## Collected data entries:
:::
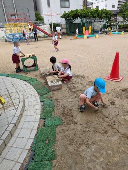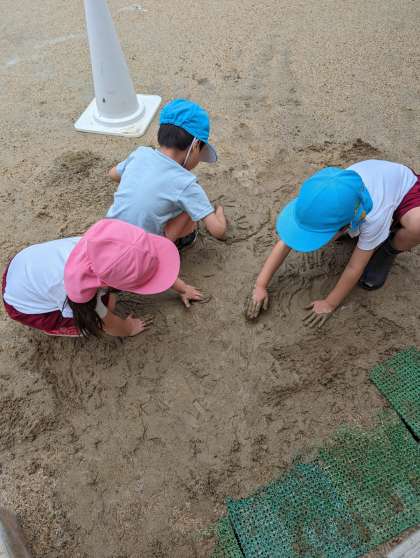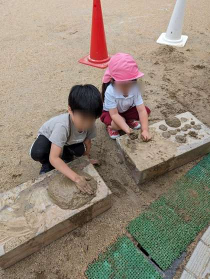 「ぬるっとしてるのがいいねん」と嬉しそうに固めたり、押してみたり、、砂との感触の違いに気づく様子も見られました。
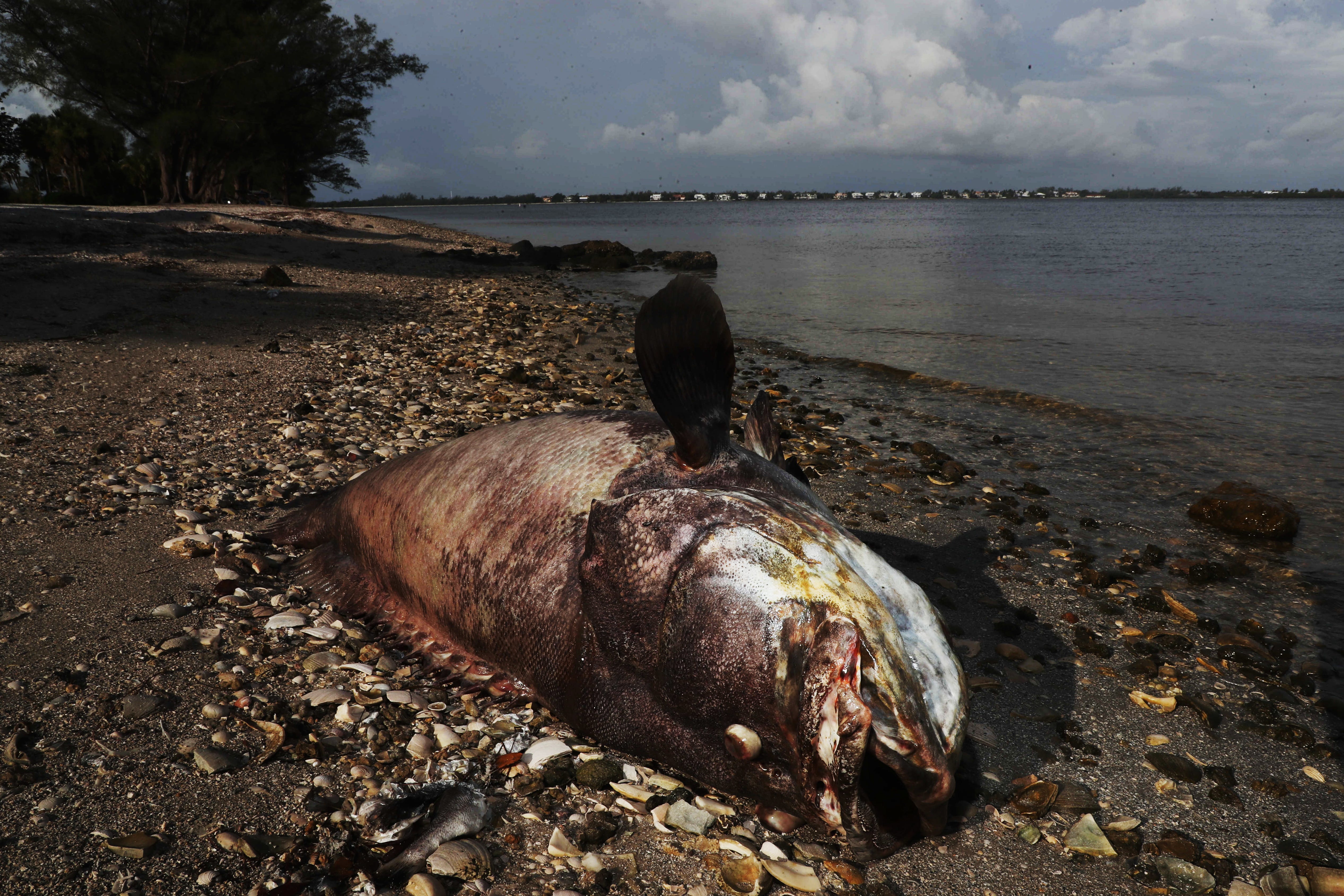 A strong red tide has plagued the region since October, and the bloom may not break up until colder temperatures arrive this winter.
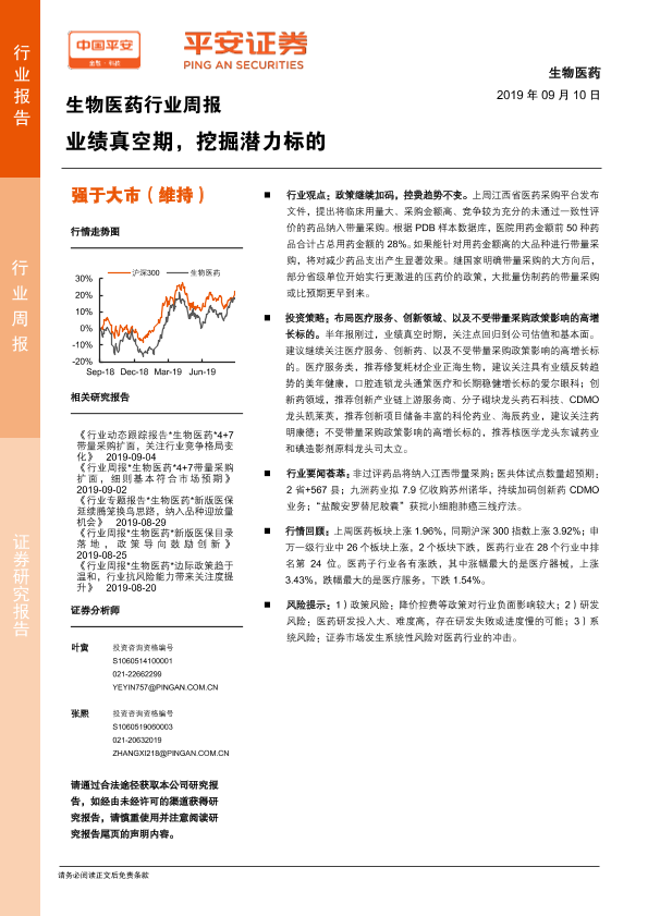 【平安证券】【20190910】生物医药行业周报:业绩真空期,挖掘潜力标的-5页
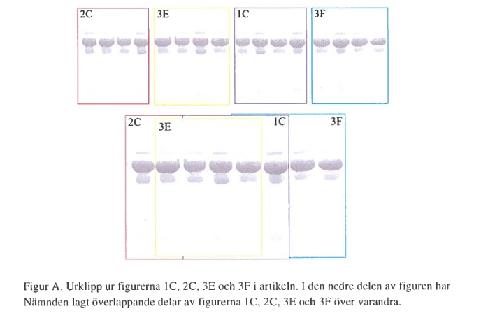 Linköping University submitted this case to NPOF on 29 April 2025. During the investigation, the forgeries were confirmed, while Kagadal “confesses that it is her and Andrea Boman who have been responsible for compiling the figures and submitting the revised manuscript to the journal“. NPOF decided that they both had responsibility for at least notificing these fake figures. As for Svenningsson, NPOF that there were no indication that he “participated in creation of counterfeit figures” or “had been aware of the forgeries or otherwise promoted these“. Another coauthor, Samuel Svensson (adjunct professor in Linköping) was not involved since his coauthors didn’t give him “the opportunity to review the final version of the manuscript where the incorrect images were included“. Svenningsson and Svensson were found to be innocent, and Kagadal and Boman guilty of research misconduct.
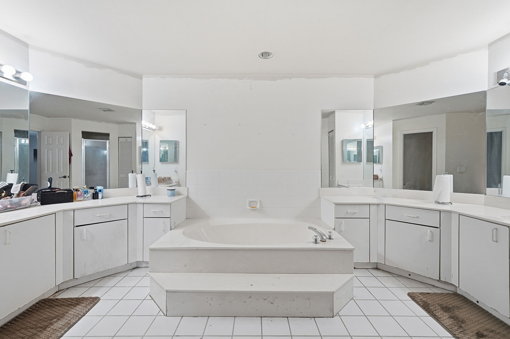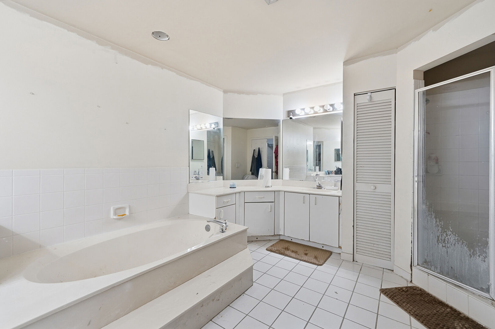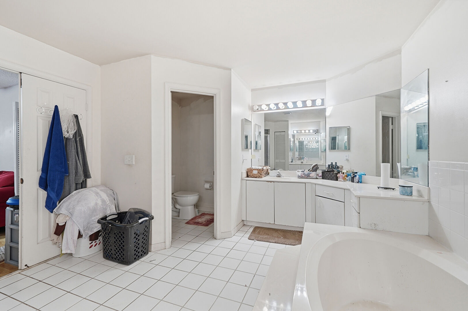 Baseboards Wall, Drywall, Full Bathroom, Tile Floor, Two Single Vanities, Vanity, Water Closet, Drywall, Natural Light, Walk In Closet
:::
## Exercise instructions:
Would you set down every line of the data above exactly, skipping the pictures?

## Completed task:
 「ぬるっとしてるのがいいねん」と嬉しそうに固めたり、押してみたり、、砂との感触の違いに気づく様子も見られました。
 A strong red tide has plagued the region since October, and the bloom may not break up until colder temperatures arrive this winter.
 【平安证券】【20190910】生物医药行业周报:业绩真空期,挖掘潜力标的-5页
 Linköping University submitted this case to NPOF on 29 April 2025. During the investigation, the forgeries were confirmed, while Kagadal “confesses that it is her and Andrea Boman who have been responsible for compiling the figures and submitting the revised manuscript to the journal“. NPOF decided that they both had responsibility for at least notificing these fake figures. As for Svenningsson, NPOF that there were no indication that he “participated in creation of counterfeit figures” or “had been aware of the forgeries or otherwise promoted these“. Another coauthor, Samuel Svensson (adjunct professor in Linköping) was not involved since his coauthors didn’t give him “the opportunity to review the final version of the manuscript where the incorrect images were included“. Svenningsson and Svensson were found to be innocent, and Kagadal and Boman guilty of research misconduct.
 Baseboards Wall, Drywall, Full Bathroom, Tile Floor, Two Single Vanities, Vanity, Water Closet, Drywall, Natural Light, Walk In Closet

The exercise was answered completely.